I feel like the Goldilocks of the lighting world! Nothing was ever quite right. But this was my shortlist:

  1. Right length, wrong style

The DUSX Charlotte 12 light. It’s available in different finishes, and the manufacturers were prepared to increase the length on this one. But it wasn’t really the style I was looking for.

The DUSX 12 arm light from Ebay

2. Wrong colour, good price: the make do option

The Debenhams Madeline Chandelier

The quality is amazing. It’s also a really good price – currently on sale at £100! It is in the art deco style I’m looking for. However it’s gold, and I’m looking for a silver finish. It’s not really big enough, either in width, or length of chain.

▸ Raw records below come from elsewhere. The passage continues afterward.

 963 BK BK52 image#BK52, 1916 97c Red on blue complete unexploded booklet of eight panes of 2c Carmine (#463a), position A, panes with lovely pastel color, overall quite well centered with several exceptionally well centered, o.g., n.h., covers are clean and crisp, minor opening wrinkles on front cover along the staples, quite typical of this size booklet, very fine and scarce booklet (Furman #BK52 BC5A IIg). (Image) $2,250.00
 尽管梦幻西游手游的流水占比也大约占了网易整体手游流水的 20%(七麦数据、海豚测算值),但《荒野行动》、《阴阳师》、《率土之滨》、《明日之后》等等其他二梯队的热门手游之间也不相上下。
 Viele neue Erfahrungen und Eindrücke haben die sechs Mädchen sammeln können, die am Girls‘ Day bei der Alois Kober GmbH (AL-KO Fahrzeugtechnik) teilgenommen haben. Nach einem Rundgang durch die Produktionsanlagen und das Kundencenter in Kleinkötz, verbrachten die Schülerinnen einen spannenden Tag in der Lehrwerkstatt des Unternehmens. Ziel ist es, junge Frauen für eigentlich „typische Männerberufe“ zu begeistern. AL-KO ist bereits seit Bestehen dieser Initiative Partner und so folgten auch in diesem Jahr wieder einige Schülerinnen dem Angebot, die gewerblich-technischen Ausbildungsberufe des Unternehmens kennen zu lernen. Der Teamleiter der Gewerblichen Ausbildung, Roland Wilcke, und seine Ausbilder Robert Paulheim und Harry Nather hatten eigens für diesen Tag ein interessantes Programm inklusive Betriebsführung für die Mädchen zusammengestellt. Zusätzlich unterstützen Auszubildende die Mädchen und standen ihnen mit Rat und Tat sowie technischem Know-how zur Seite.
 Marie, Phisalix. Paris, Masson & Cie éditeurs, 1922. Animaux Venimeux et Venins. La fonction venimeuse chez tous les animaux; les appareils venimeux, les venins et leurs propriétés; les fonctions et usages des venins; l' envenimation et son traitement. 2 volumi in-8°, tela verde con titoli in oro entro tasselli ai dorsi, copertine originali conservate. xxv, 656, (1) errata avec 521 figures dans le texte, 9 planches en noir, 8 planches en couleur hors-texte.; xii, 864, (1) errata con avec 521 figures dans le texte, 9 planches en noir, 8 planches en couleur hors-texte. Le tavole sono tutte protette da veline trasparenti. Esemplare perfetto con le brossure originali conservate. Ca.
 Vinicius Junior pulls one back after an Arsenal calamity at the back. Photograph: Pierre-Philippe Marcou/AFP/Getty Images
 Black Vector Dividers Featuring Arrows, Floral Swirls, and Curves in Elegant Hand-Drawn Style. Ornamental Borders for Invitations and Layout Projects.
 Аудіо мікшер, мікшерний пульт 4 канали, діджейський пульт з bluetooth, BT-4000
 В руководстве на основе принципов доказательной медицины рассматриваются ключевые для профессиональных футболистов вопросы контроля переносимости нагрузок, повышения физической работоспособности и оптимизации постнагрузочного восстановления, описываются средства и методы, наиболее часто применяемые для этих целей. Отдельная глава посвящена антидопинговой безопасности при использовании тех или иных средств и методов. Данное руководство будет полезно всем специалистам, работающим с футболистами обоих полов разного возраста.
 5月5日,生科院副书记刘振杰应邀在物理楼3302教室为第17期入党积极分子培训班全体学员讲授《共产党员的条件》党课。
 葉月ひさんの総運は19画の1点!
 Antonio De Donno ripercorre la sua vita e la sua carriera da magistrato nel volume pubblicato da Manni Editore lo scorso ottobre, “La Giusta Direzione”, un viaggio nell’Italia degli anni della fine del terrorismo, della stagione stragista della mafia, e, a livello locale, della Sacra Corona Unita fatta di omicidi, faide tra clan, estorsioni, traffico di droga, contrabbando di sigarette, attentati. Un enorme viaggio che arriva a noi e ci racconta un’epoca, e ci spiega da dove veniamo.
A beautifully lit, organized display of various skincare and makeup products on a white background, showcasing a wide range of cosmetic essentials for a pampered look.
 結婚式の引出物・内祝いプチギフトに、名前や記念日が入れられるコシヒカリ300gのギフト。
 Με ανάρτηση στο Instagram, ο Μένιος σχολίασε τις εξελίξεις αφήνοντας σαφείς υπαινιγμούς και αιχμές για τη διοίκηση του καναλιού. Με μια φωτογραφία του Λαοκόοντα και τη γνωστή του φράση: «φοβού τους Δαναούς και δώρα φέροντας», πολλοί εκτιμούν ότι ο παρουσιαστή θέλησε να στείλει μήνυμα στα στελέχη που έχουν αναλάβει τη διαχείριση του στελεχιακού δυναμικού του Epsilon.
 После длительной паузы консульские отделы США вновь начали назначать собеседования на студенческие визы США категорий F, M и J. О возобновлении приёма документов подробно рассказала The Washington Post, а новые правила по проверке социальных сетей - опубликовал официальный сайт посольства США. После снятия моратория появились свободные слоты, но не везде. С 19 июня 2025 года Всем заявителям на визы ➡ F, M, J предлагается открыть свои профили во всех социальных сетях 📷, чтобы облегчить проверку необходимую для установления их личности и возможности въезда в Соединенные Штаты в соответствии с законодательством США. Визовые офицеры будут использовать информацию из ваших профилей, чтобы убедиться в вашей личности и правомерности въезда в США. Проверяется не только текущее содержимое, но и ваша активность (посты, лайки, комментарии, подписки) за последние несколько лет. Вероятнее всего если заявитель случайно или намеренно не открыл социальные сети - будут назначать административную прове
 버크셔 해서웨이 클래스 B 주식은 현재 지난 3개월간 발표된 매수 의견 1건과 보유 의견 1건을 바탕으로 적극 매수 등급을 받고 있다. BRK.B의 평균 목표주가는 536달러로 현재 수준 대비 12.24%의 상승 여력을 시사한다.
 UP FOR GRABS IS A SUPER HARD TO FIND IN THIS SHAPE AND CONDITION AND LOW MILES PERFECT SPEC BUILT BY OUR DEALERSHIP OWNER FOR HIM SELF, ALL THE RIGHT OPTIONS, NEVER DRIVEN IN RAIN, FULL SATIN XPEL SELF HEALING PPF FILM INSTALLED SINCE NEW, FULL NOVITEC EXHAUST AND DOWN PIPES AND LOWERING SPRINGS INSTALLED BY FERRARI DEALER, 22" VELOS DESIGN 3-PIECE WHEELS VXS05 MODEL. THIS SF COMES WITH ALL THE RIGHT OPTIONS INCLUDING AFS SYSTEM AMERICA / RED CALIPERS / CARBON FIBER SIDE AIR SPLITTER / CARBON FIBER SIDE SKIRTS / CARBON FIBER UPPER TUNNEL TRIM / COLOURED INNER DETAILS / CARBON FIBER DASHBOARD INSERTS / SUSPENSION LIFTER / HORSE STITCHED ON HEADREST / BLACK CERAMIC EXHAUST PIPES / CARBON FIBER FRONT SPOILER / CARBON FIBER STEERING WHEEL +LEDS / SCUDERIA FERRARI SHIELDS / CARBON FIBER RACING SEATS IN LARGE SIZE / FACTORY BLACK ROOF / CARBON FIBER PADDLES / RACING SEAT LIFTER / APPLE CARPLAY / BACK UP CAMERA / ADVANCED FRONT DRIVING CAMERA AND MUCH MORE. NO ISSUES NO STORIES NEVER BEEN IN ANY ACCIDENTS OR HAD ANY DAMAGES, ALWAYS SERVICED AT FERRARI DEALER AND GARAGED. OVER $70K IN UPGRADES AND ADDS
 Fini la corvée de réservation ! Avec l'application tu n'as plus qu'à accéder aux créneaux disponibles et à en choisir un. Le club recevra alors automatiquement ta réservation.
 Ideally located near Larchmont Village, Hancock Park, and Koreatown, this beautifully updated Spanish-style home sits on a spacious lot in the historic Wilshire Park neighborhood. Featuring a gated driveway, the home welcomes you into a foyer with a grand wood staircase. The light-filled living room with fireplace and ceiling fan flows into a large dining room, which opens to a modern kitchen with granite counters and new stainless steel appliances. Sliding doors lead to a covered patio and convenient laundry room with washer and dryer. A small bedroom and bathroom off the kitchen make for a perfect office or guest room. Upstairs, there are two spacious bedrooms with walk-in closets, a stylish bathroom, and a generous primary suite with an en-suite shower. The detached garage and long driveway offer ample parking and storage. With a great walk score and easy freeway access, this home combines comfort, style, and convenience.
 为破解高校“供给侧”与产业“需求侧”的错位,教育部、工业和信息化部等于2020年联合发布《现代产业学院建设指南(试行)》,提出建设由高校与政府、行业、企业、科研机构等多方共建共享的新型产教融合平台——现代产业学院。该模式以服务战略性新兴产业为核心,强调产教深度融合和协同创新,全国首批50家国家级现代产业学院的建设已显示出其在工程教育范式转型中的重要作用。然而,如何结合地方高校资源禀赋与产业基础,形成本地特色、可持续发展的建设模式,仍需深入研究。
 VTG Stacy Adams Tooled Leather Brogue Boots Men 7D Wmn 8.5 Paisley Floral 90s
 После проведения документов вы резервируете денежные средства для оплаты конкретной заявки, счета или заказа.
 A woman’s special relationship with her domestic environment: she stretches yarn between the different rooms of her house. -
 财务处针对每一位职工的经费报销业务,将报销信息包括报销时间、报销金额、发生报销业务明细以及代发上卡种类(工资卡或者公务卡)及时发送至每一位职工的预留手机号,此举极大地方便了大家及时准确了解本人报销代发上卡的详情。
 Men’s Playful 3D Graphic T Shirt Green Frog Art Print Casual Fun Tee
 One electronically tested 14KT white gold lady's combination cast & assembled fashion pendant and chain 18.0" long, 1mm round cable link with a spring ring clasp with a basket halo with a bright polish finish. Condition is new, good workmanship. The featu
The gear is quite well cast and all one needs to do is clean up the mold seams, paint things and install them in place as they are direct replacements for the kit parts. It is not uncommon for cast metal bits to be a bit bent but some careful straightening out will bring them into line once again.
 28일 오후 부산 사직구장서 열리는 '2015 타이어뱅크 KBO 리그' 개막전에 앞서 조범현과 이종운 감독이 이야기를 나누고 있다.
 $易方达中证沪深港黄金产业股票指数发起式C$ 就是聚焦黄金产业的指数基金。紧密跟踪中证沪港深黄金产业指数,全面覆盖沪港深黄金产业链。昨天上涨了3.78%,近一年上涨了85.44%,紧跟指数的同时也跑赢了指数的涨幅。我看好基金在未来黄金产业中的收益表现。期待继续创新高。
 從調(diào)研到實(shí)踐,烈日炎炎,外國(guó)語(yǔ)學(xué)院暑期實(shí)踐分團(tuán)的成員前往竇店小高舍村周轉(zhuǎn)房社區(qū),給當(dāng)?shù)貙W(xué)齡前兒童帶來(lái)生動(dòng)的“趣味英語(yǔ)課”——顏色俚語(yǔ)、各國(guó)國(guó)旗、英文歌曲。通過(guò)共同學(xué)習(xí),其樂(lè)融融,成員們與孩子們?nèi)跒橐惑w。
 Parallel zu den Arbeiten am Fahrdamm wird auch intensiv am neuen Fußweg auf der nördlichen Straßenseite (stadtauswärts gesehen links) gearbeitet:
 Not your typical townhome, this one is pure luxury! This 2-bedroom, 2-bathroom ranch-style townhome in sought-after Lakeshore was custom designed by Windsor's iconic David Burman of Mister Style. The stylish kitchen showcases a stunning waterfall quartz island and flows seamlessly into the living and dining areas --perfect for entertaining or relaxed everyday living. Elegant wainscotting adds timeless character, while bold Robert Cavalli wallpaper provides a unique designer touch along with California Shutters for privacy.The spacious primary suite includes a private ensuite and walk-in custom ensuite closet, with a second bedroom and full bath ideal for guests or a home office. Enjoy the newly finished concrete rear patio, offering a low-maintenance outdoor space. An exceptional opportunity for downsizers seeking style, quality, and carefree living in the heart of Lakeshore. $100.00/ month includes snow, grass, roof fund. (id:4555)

3. Right style, too large? The most expensive of the shortlist

The Diyas 8 light Rosina

4. Right style, too small? And the wrong hanging mechanism – I really wanted a light hung from a chain, rather than the more modern wires.

The Dar Escala


5. Right style, right hanging mechanism, too short, possibly too small

The Debenhams Emily Chandelier

The Conclusion

As I write, I have chosen an option, but it hasn’t been fitted yet. I don’t think I’ll know if it’s the right option until it’s in place and I’ve had chance to get used to it. So that’s the saga so far – what would you choose? Any suggestions for how to find a good light for a tall space?